DATA IN THIS EXERCISE
"""

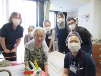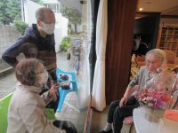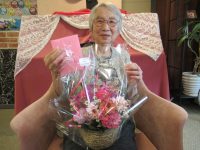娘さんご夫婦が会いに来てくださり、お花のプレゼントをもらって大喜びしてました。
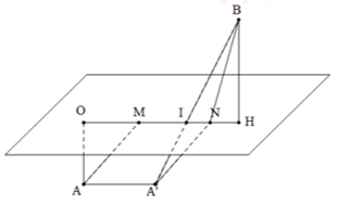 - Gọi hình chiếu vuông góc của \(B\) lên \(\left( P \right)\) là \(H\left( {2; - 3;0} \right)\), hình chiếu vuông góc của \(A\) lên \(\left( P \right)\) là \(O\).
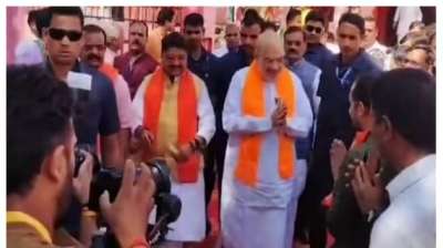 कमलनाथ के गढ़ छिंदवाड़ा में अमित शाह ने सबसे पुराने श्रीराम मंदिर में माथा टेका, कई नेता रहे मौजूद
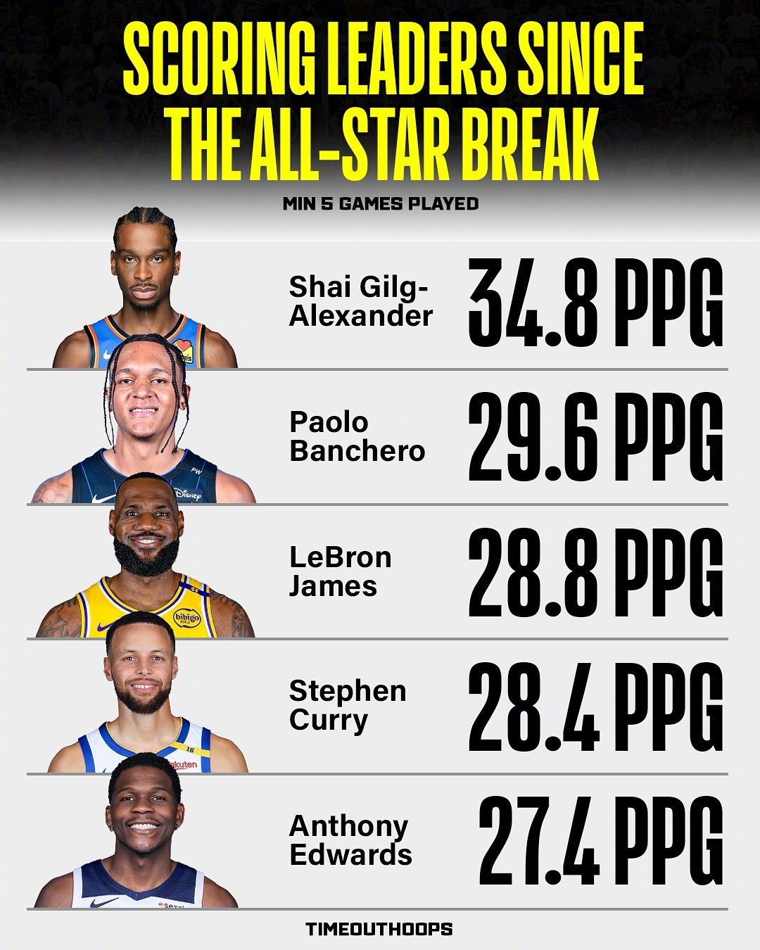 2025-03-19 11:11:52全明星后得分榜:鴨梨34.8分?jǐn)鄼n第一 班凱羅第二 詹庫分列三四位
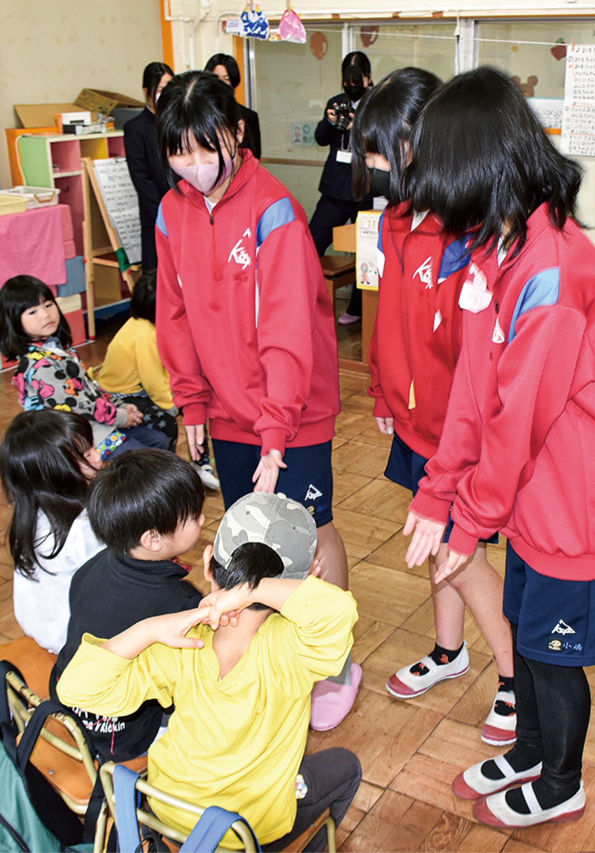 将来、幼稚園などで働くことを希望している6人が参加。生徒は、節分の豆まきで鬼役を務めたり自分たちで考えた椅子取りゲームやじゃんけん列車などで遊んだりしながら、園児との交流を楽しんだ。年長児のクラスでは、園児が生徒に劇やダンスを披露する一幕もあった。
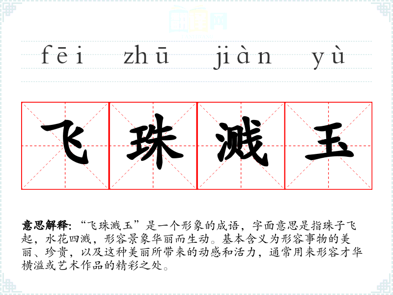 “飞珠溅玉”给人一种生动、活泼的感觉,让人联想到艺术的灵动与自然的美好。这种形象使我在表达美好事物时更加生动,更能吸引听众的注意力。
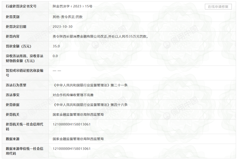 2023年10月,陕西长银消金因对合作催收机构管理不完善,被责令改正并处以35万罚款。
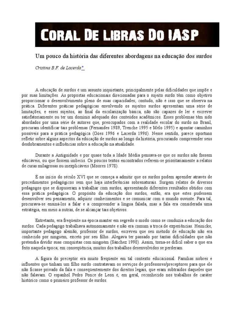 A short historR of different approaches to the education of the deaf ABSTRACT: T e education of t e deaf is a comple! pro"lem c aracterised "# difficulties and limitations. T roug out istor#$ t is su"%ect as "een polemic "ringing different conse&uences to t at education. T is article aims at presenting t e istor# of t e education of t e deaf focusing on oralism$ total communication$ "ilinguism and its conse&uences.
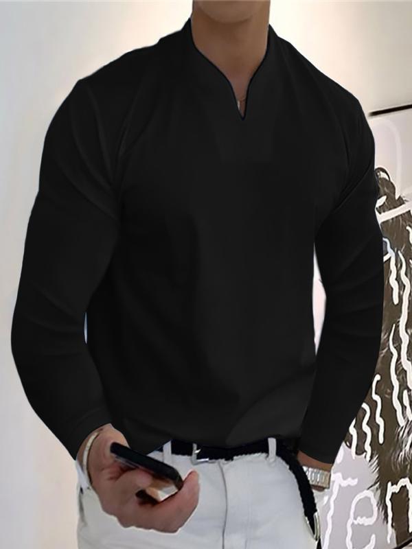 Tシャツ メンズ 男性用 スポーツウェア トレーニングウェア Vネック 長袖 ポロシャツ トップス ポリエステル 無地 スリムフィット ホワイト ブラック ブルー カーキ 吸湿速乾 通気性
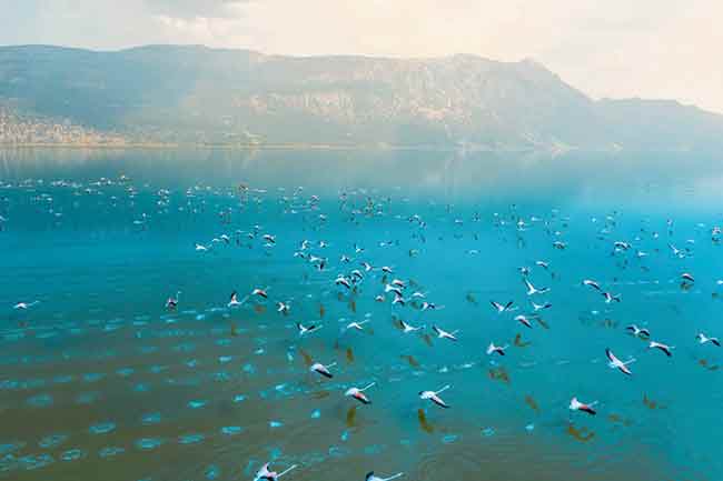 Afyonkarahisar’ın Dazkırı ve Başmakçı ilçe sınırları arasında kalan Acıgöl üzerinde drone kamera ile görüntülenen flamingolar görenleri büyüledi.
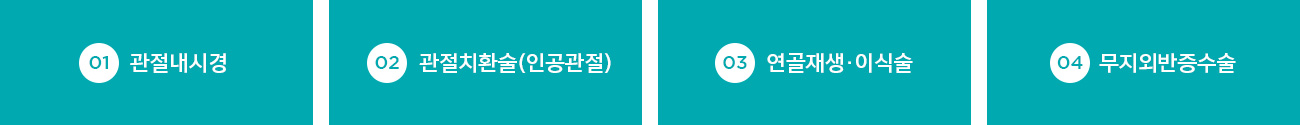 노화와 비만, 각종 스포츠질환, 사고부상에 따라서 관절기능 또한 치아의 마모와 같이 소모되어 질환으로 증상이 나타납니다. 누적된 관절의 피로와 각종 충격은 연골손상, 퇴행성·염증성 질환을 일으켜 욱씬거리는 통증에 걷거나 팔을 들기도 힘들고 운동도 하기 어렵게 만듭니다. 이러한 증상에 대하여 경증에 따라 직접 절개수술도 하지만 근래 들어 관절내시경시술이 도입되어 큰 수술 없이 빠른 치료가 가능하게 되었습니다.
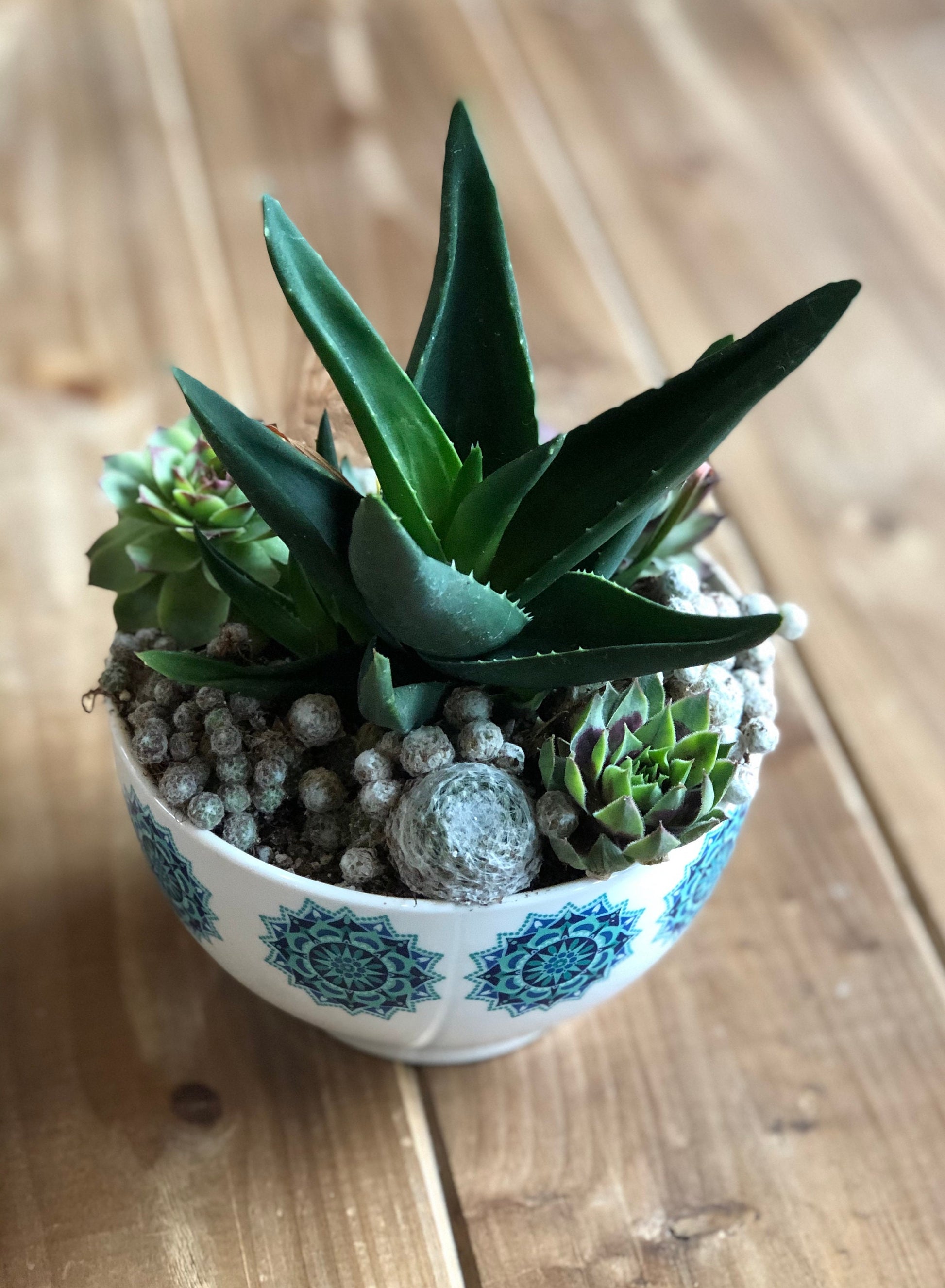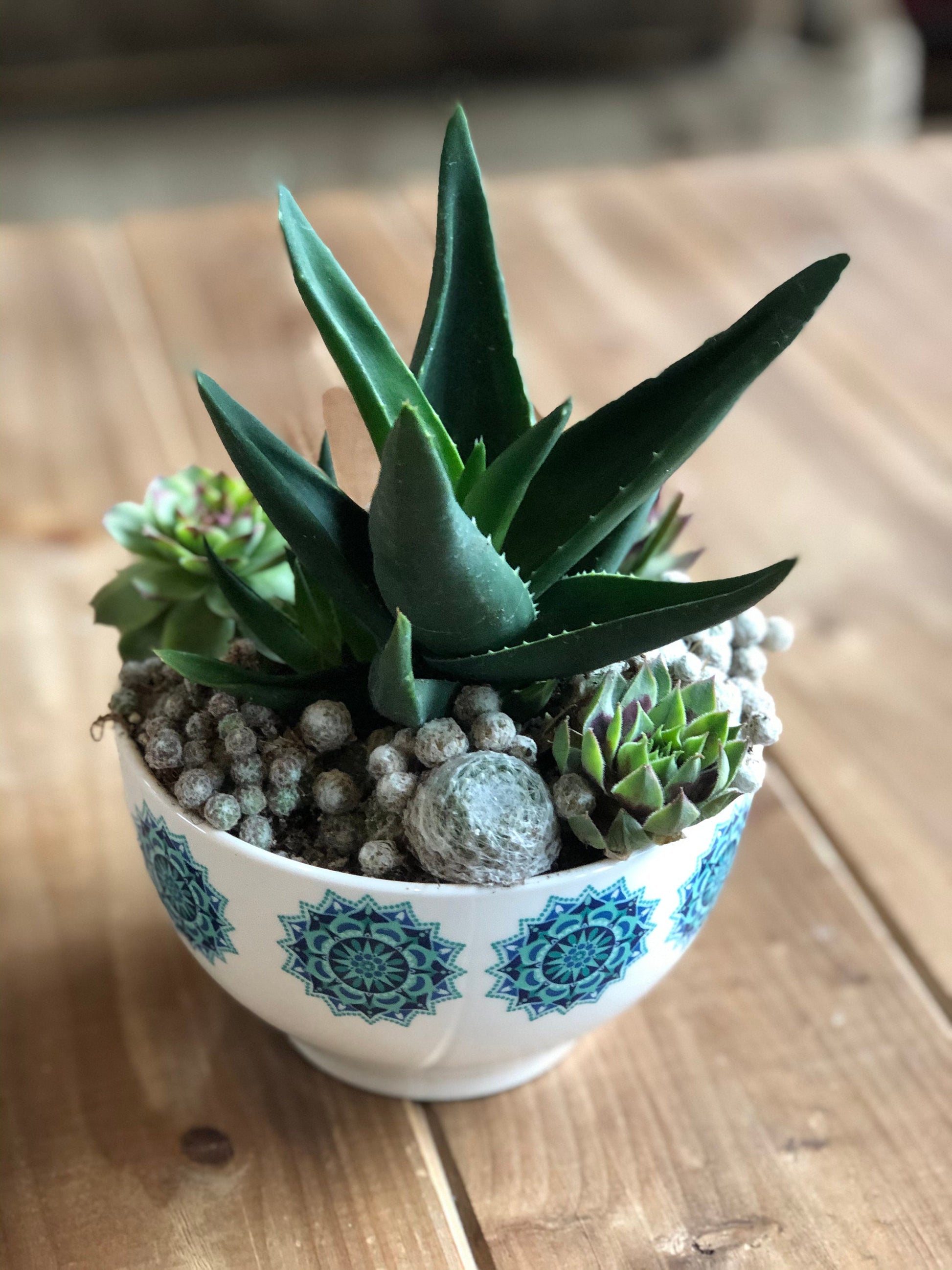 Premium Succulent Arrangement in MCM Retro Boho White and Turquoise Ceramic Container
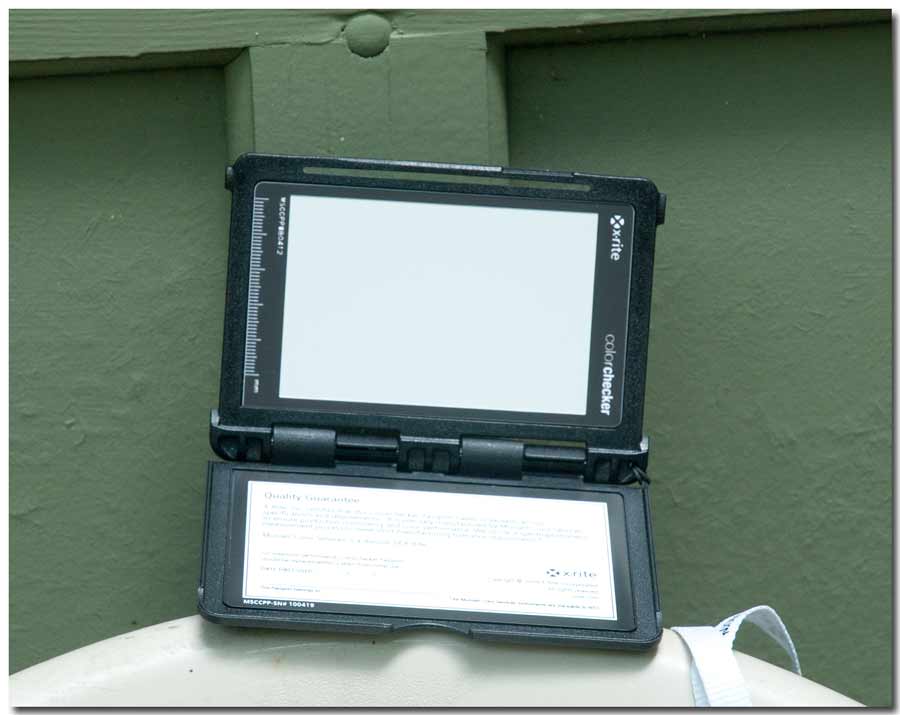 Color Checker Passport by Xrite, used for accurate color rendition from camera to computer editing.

"""

ASSIGNED TASK
From the very first line of the listing above through the line that holds "Tシャツ メンズ 男性用", write out each line exactly as it stands, leaving pictures out.

EXPECTED OUTPUT
娘さんご夫婦が会いに来てくださり、お花のプレゼントをもらって大喜びしてました。
 - Gọi hình chiếu vuông góc của \(B\) lên \(\left( P \right)\) là \(H\left( {2; - 3;0} \right)\), hình chiếu vuông góc của \(A\) lên \(\left( P \right)\) là \(O\).
 कमलनाथ के गढ़ छिंदवाड़ा में अमित शाह ने सबसे पुराने श्रीराम मंदिर में माथा टेका, कई नेता रहे मौजूद
 2025-03-19 11:11:52全明星后得分榜:鴨梨34.8分?jǐn)鄼n第一 班凱羅第二 詹庫分列三四位
 将来、幼稚園などで働くことを希望している6人が参加。生徒は、節分の豆まきで鬼役を務めたり自分たちで考えた椅子取りゲームやじゃんけん列車などで遊んだりしながら、園児との交流を楽しんだ。年長児のクラスでは、園児が生徒に劇やダンスを披露する一幕もあった。
 “飞珠溅玉”给人一种生动、活泼的感觉,让人联想到艺术的灵动与自然的美好。这种形象使我在表达美好事物时更加生动,更能吸引听众的注意力。
 2023年10月,陕西长银消金因对合作催收机构管理不完善,被责令改正并处以35万罚款。
 A short historR of different approaches to the education of the deaf ABSTRACT: T e education of t e deaf is a comple! pro"lem c aracterised "# difficulties and limitations. T roug out istor#$ t is su"%ect as "een polemic "ringing different conse&uences to t at education. T is article aims at presenting t e istor# of t e education of t e deaf focusing on oralism$ total communication$ "ilinguism and its conse&uences.
 Tシャツ メンズ 男性用 スポーツウェア トレーニングウェア Vネック 長袖 ポロシャツ トップス ポリエステル 無地 スリムフィット ホワイト ブラック ブルー カーキ 吸湿速乾 通気性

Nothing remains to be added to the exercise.